Moroccan-born French filmmaker (born 1947)

Charlotte Szlovak is a Hungarian-French filmmaker.

==Biography==
Szlovak was born in 1947. Her family emigrated from Hungary to Oudja before World War II.

==Career==
Szlovak began her film career as the cinematographer of Chantal Akerman's 1974 experimental film Je, tu, il, elle ("I, you, he, she"), but she is now best known as the writer and director of independent documentary films.

Many of Szlovak's films focus upon aspects of her past and address larger issues through the lens of her personal experiences. Her 2003 documentary, Do You Remember Laurie Zimmer?, is an examination of nostalgia and loss manifested in Szlovak's search to find her long-lost friend, the American actress Laurie Zimmer.

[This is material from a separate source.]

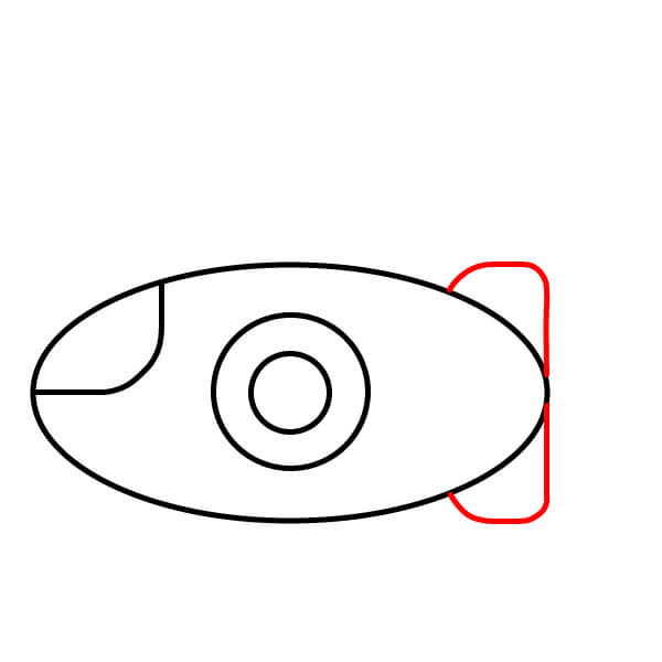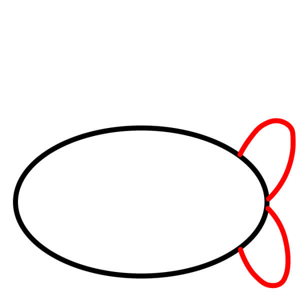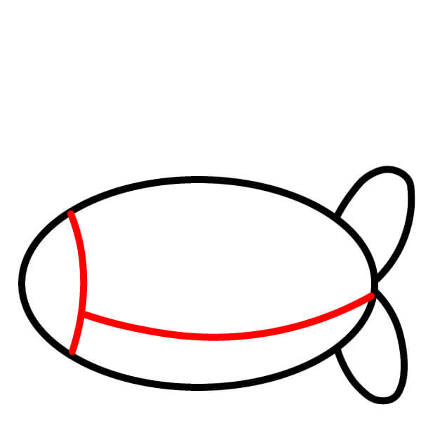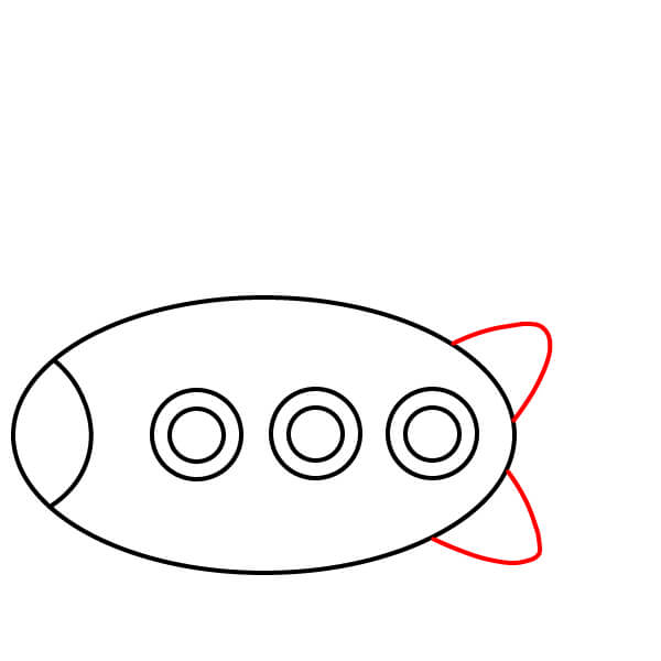 En el lado izquierdo del óvalo, dibuja dos aletas, una encima y otra debajo de la línea central. Además, añade un óvalo pequeño y delgado a la izquierda de las ventanas.

She is known for her films about interconnections between Jewish and Muslim communities in Morocco. Among these are Docteur Imre Szlovak ("Doctor Imre Szlovak"), a 1995 film about Szlovak's Hungarian father and his life as a Jewish immigrant in Morocco, and Retour à Oujda ("Return to Oujda"), a 1987 film in which she explores the close ties between Jews and Muslims in Oudja, the town where she grew up.